I agree with you on that. Capacity planning is an art in itself, and a competent planner might be able to take all things into consideration after spending some time in different stations and scopes (sys admin, dba, sys engineering, security, etc). Having worked with both weblogic and oracle, I'd typically fall back on past experiences to guage hardware sizing, and slowly scale up based on intutitve tools (MRTG to look at memory usage, elapsed time for average transactions, etc).
It becomes more difficult with SAS because *a) its not apparent from typical resource monitoring tools (e.g. perfmon.msc, MRTG, Rational Robot)that an application is underperforming or is constrained by hardware (I've read the sugi paper 277-26, 276-26 and the other paper for server 2003), and there arent many clear benchmark units (e.g. elapsed time per transaction given per unit of data).

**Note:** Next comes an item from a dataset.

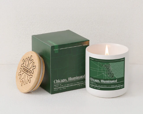 The Walnut Room at Marshall Fields. “Captain Santa” and his Christmas tree ship on Lake Michigan. Mulled wine at Christkindlmarket. Suzy Snowflake on “Ray Rayner and His Friends.” The Christmas Tree Lightings at Grant Park, Daley Plaza, and Millennium Park. The Giant Menorah Lighting at Daley Plaza. Donny Hathaway's "This Christmas." Robert L. May's Rudolph the Red-Nosed Reindeer. Chicago is steeped in holiday tradition. We hope this candle helps you and your family celebrate yours. Happy holidays!

Even for data management, I've been peering through quite a few white papers on I/O optimisation, and some specifically on wintel (not sas related). I'd like to depend on the vendor but they arent very forthcoming, and I am personally disappointed with the quality of deliverables (granted that they are also understaffed, overworked and covering too many product suites).
At the end of the day, I'd love a vendor or consultant to come in, take a look (maybe ARM, maybe something else), and say "alright, you should have 4 x 3GHz cpu and 4TB of disk space, 16 GB of physical memory, using /pae if you want to accomplish this much work for this many users" but its not going to happen. Hence, I feel as though I am slowly postulating trends and requirements by looking at SAS as a black box, and making assumptions that I cant validate. Thats very dissatisfying for an administrator who wants to ensure his hardware and systems architecture is best suited to the application suites running on it.
Interestingly, I concur that a huge part of this is getting support from other stakeholders. Each IT procurement or deployment is there to meet a business need, but if stakeholders dont see the benefits, they have no reason to pay for training or additional memory.